Prefer something with a touch more polish? Base in Akakura (15–25 minutes by car, depending on snow). You’ll find bigger hotels and Western-style beds, plus easy access to Akakura Kanko and Akakura Onsen if Seki holds for avy work. It’s also a safe bet for groups mixing ability levels — the non-stop powder chasers peel to Seki at dawn while cruisers enjoy broader groomers in town.
On a tighter budget or if you’re rail-based, Joetsu-Myoko station area has business hotels that make dawn patrol painless. You’ll trade charm for convenience but gain simple breakfasts and parking. Either way, book dinner with your lodging — Seki’s village eateries are limited, and ryokan meals are half the experience.
Food & Après
At the base, the cafeteria keeps it classic: katsu curry, ramen, and rice bowls that punch above their weight because the Koshihikari rice is next-level. If you see Restaurant Taube open, detour for a plate of their homey specials — it’s a local favorite. Up the road, Akakura has more options: izakaya for yakitori and hot pots, a couple of pizzerias, and bakeries for early-morning fuel. Après here is low-key — trade rowdy bars for an onsen hop and a good Niigata sake. If you’re chasing a celebratory bite, hunt down hegi soba in Myoko or a crispy pork cutlet that tastes like victory after a knee-deep morning.
Getting There
From Tokyo, the Hokuriku Shinkansen to Joetsu-Myoko gets you close in ~2 hours. From there it’s ~40 minutes by car or a local train hop to Sekiyama Station and a short bus/taxi up to the village. Drivers will find the ascent straightforward from the Myoko IC — figure ~20 minutes on dry roads — but this is one of Japan’s great snow funnels. Mount proper winter tires, carry chains, and expect plow berms and spindrift during active storms. The approach can be narrow and sightlines short; take it slow and leave earlier than you think on big days.
Japow Travel Tips
- Lift hours
Typically 9:00 – 16:30. On fierce storm days or high hazard, the upper chair may open late or shut completely. - Avalanche / backcountry reality
Terrain is compact but steep pockets exist, and snow loads here are no joke. In-bounds control is solid for the scale; beyond the boundary has serious consequences. No gate network — keep it roped and save the sidecountry for stable windows with full kit. - Weather & snow patterns
Northwest fetch off the Sea of Japan plus Myoko’s orographic lift equals frequent resets. Expect tree bombs, wind slab in exposed rollovers, and blower mornings that go to hero snow by lunch. It can ride top-to-bottom soft for days on end. - Language & culture
English is limited; staff are accommodating and kind. Cash rules more than cards in village ryokan. Mind quiet hours — this is a proper hot spring hamlet. - Unique touches
The onsen water is iron-rich and can run a rust-red hue — perfect after trenching through cold smoke all morning. - Pair it with
Akakura Kanko and Akakura Onsen (bigger trail grids), Suginohara (long cruisers, higher alpine feel), Lotte Arai (steeps and controlled freeride zones), Madarao/Tangram (tree runs for days), and Kurohime (chill, under-the-radar).

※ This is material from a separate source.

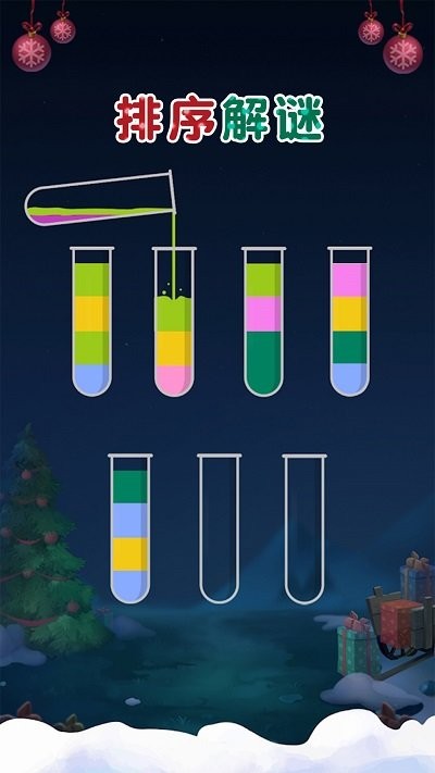 独特的液体调配玩法让游戏更具创意,玩家需要通过倒水操作来达成特定目标,这种新颖的玩法设计为传统的排序游戏注入了新的活力。
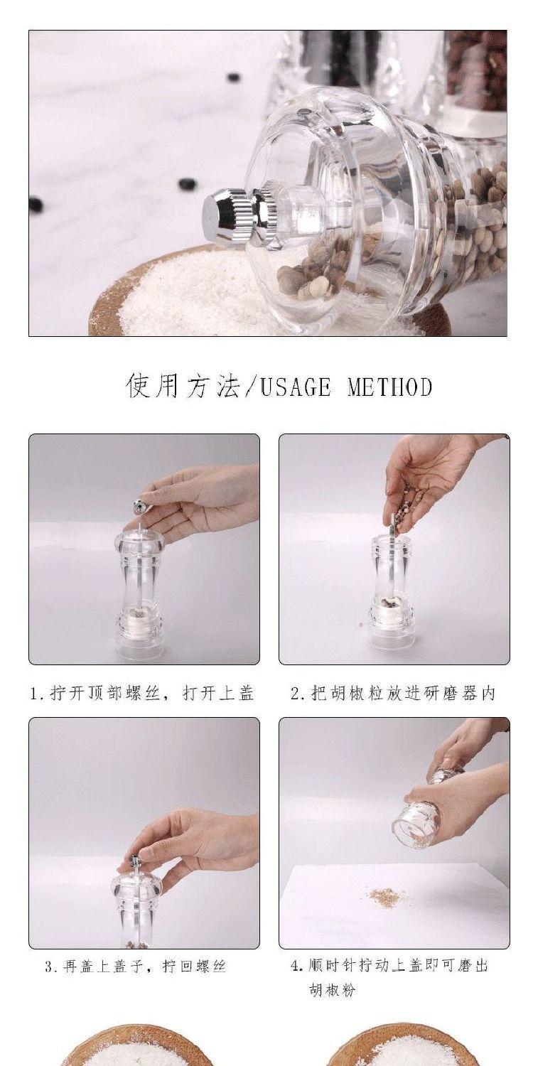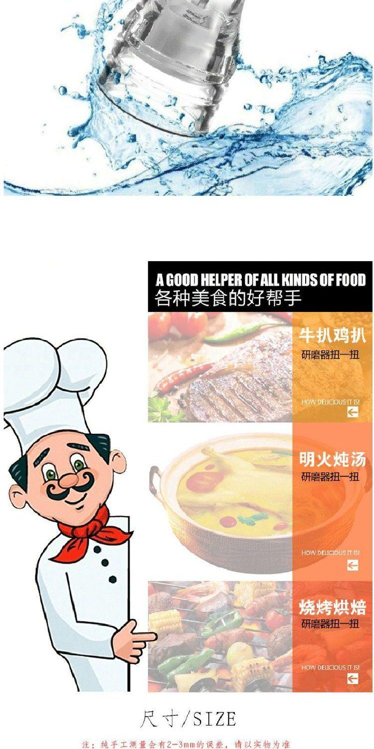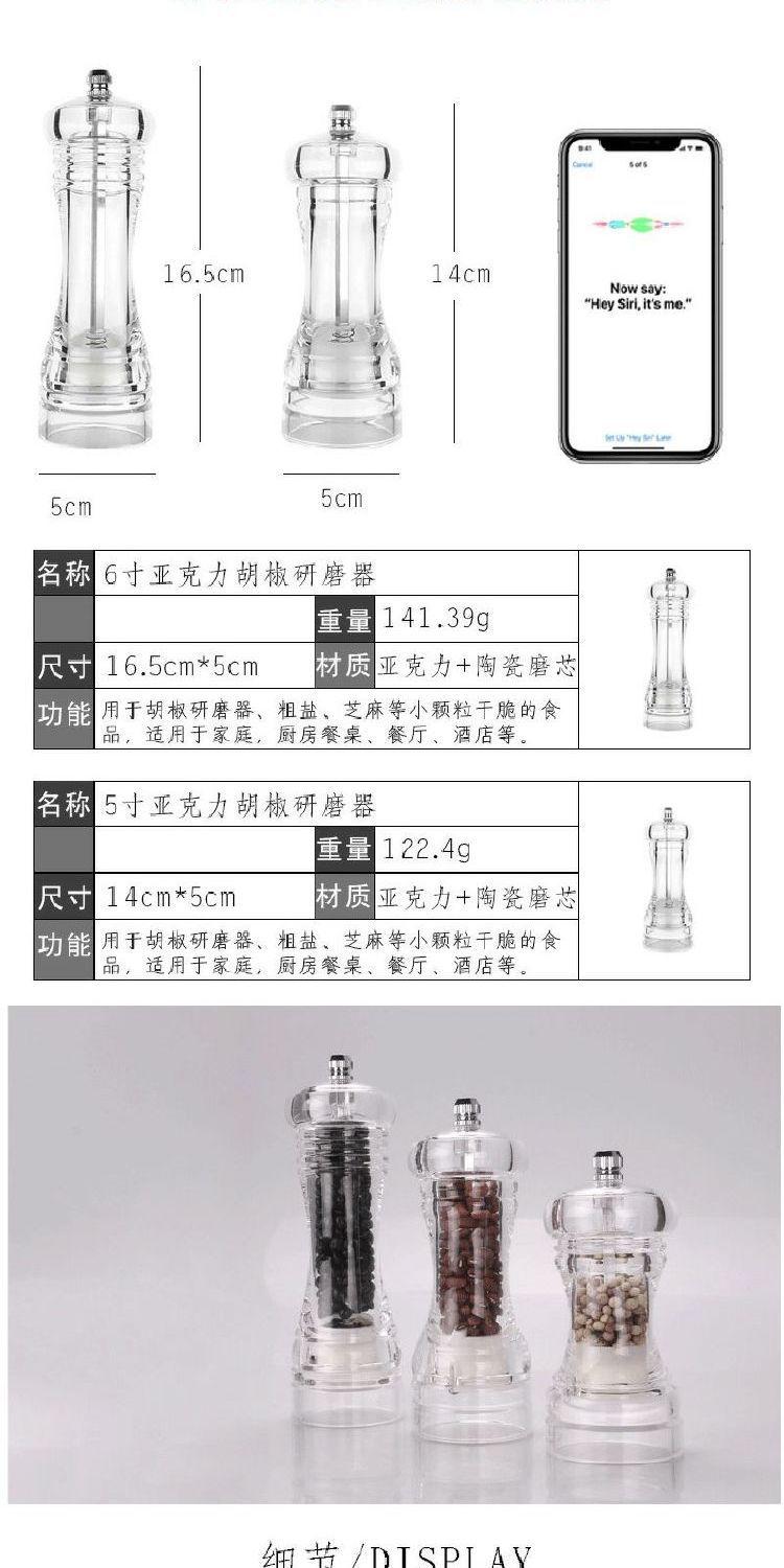 Molinillo de pimienta negra acrílica de color transparente, molinillo de pimienta en polvo, frasco de pimienta, frasco de caja fina, utensilios de cocina

Verdict: Small hill, big smile factor
Seki Onsen is proof that size doesn’t equal stoke. Two lifts, a few marked courses, and yet when the weather turns on — which it often does — you’ll surf boot-top to waist-deep turns through tight trees, reset after reset, meeting the same grinning faces on every lap. It’s pure Japow minimalism: a simple hill that knows exactly what it is, anchored by a village that’s been soaking tired legs for generations. If you chase storms and value soul over sprawl, put Seki at the top of your Myoko hit list.